Left Curly Bracket Upper Hook ⎧
⎧ (U+23A7) is a standard Unicode character that you can copy and paste anywhere text is accepted. This page provides a concise reference with safe tips, internal links, and practical guidance so you can use it reliably across apps and platforms.
What it is and where it’s used: Left Curly Bracket Upper Hook is part of the Symbols family (block: Miscellaneous Technical). If you need styled or decorative alternatives, try our Fancy Text tool to generate compatible text that works in most modern interfaces.
History & usage: LEFT CURLY BRACKET UPPER HOOK U+23A7 is a punctuation symbol used in writing and computing. It belongs to the Miscellaneous Technical block. In many fonts, it shows as a curved left brace with an upper hook. The symbol helps to mark groups and parameters. It also helps to indicate quoted text in some code samples and in technical documents. Its style is distinct from common braces, so it rarely replaces standard braces in everyday writing. The primary use is grouping or delimiting parts of a sentence, data, or code. It guides readers to see where a group starts. It can stand in for other brackets when space or font choice matters. In coding, it may appear in contexts that require a visual cue for a parameter or a nested section. The character is part of a broader family of delimiters. It shares space with other brackets used for structure, quotes, and lists. Users rely on it for clarity and organization in technical material.
Copy and input: the quickest method is to copy the character here. You can also insert it by its codepoint U+23A7
in many development tools or editors. Some operating systems provide a character viewer or input palette that lets you search by name or code and insert the glyph into documents.

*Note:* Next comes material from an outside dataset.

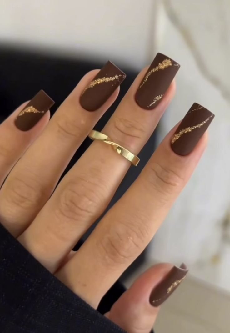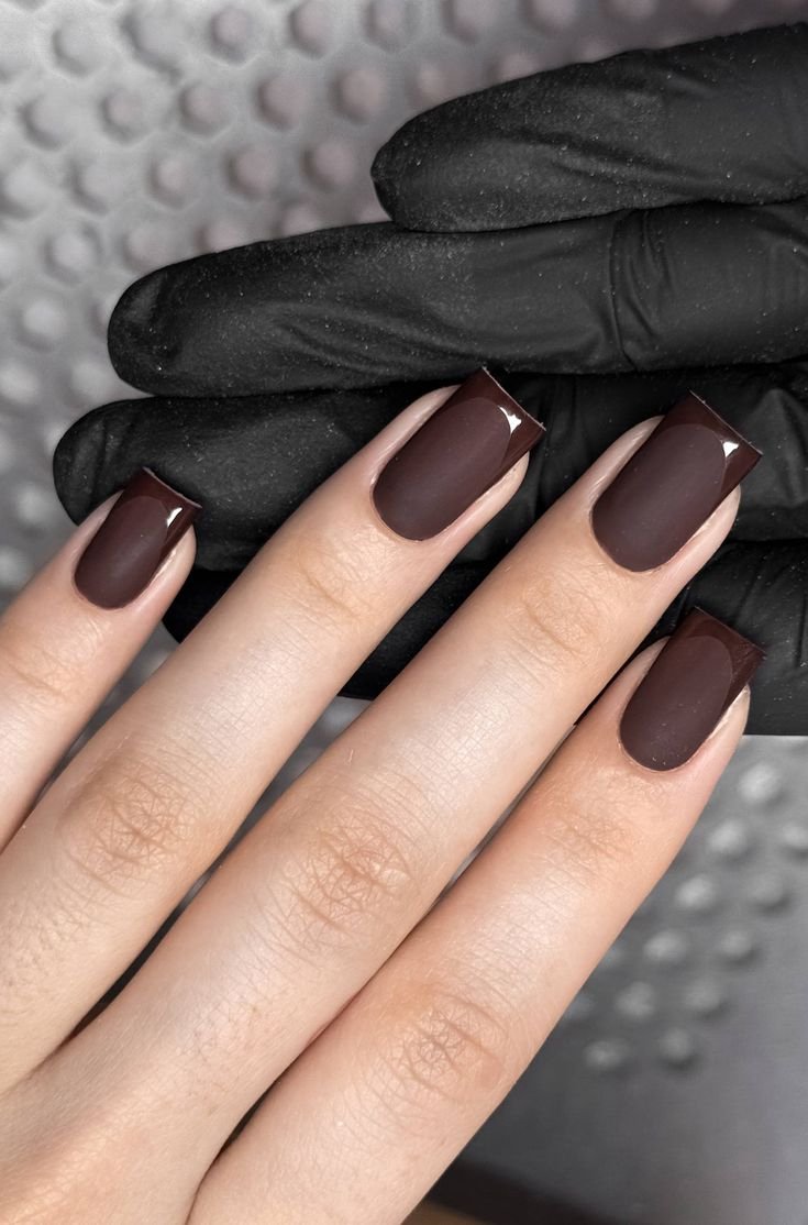 Взимку 2025/2026 найбільшим трендом буде так званий шоколадний «замшевий» манікюр. Це глибокий коричневий відтінок, який має оксамитовий або ж матовий ефект і створює враження м’якості, яка нагадує замшу. Такий варіант поєднуватиме вишуканість, затишок і тепло. Тому варто придивитися до цього варіанту, виглядає він дуже дорого. Попри те, що блиску такий дизайн не має, виглядає він розкішно завдяки імітації текстури.

Display and fallback: if you see an empty box (tofu) or a placeholder rectangle, the active font might not include this codepoint. Switching to a font with broader Unicode coverage or using a fallback font usually fixes the issue. On the web, ensure the page’s font stack includes a general‑purpose fallback.
Related references: browse the Categories for similar characters. When choosing a symbol, prefer the official codepoint for semantic clarity and better compatibility with search, copy, and accessibility tooling.

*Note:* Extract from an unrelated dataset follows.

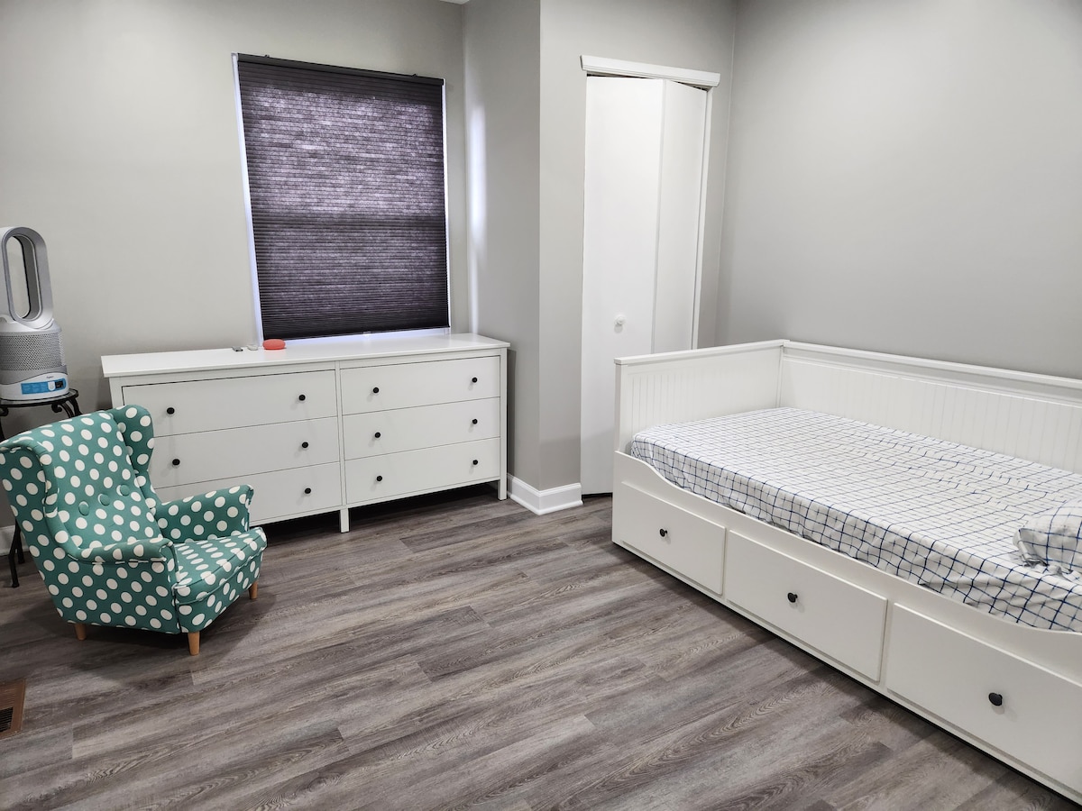 Keselesaan pintar mesra bajet dengan sentuhan hijau – Bilik kecil tetapi selesa ini mempunyai TV skrin besar dengan Roku, ottoman tarik keluar (bukan katil) yang bertukar menjadi katil kecil yang selesa sedikit lebih kecil daripada katil kelamin standard, meja, & kerusi malas untuk berehat atau bekerja dengan selesa. Terletak di tingkat 2 rumah bandar yang tenang berhampiran kedai & kedai runcit, dengan akses pantas ke Laluan 78 & 22, ia kurang daripada 2 batu dari kereta api NYC & 25 minit memandu dari Lapangan Terbang Newark. Tempat letak kereta percuma di hadapan unit.

See our category page for related symbols.
Technical details
- Codepoint:
U+23A7
- General Category:
Sm
- Age:
3.2
- Bidi Class:
ON
- Block:
Miscellaneous Technical
- Script:
Common
- UTF-8:
E2 8E A7
- UTF-16:
23A7
- UTF-32:
000023A7
- HTML dec:
⎧
- HTML hex:
⎧
- JS escape:
\u23A7
- Python \N{}:
\N{LEFT CURLY BRACKET UPPER HOOK}
- Python \u:
\u23A7
- Python \U:
\U000023A7
- URL-encoded:
%E2%8E%A7
- CSS escape:
\23A7
How to type / insert
Fast copy: click the Copy button near the top of this page.

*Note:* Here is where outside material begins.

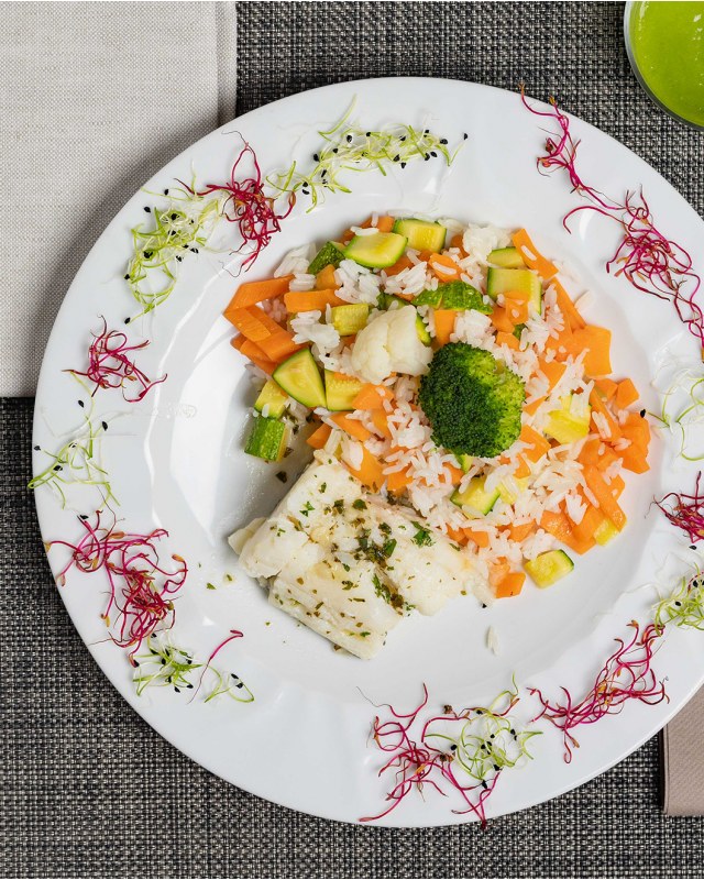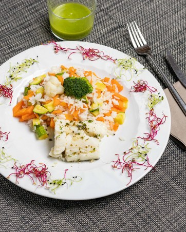 Merluzzo (90g), prezzemolo (5g), limone (20g), riso jasmine (80g), sedano (45g), carote (45g), zucchine (45g), sale (10g), olio (20g)

By codepoint: in many editors and IDEs, you can insert via the Unicode code U+23A7
or a built‑in character picker.
HTML: use the numeric entity ⎧
(hex) or ⎧
(decimal) when an HTML entity is needed.
Compatibility & troubleshooting
Font support: if the symbol does not render, the current font likely lacks this codepoint. Choose a font with broad Unicode coverage or allow a fallback font.
Web pages: ensure your CSS font stack includes a general fallback; avoid relying on images for common symbols to preserve accessibility and copyability.